Alors je craque. Je me roule en boule chez moi et j’attends que la violence du monde s’atténue, ou bien que j’arrive à la gérer. J’attends de voir comment on se comporte avec d’autres humains qui n’ont pas encore parcouru entièrement le chemin de la déconstruction, quelles que soient leur raison. Je ne sais plus comment réagir dans le vrai monde. Je ne suis plus vivre dans la vraie vie. La vraie vie m’agresse.

Je souffre de dépression depuis très longtemps. Depuis presque quinze années. Avec des hauts et des bas. Parfois de grosses périodes de répit, de plusieurs mois, voire d’un ou deux ans. Et je crois que c’est cette hyperémotivité qui m’a poussé à m’engager,  à militer, à me battre coûte que coûte, pour ne plus baisser les bras.

Mais maintenant, et bien, je n’y arrive plus. J’abandonne. Je suis usé.

Le militantisme n’est pas et ne sera jamais à la portée de tout le monde. Oh bien sûr, je connais un tas de neuroatypiques militants. Mais j’en connais un tas que le militantisme a bousillé aussi.

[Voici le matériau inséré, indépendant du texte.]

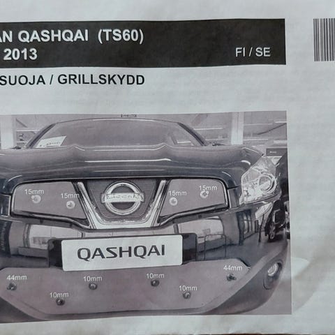 Nissan Qashqain maskisuoja malleihin J10 ja NJ10 (qashqai+2), vuosimallit 2006-2013. Ostettu Nissanin liikkeestä.

Je fais partie du lot.

Je suis vivant, et c’est tant mieux. Mais quelque part, oui, je suis devenu aigri et méchant. Pour me protéger. Pour survivre.

Est-ce que je suis capable de continuer à militer ? Est-ce que prendre une pause fait de moi une mauvaise personne ? Est-ce que les gens que j’ai blessés par militantisme évolueront ? Est-ce que je n’ai pas juste perdu mon temps, mon énergie, mes amours et mes ami-es ? Est-ce que le militantisme m’a rendu mauvais ? Ai-je fait les bons choix ?

Je suis juste fatigué.

Alors, je ne sais pas comment les choses se dérouleront par la suite. Peut-être que ce blog va juste devenir un blog random où il ne se passera plus rien de politique. Peut-être pas. En attendant, je vais essayer de me soigner et d’aller mieux.

Je vous souhaite de prendre soin de vous et de vous battre pour ce qui est juste. Mais de ne pas vous perdre en chemin.

Sur ce, je vais aller faire un câlin à mon chat qui m’aime quoiqu’il arrive et que j’aime quoi qu’il arrive.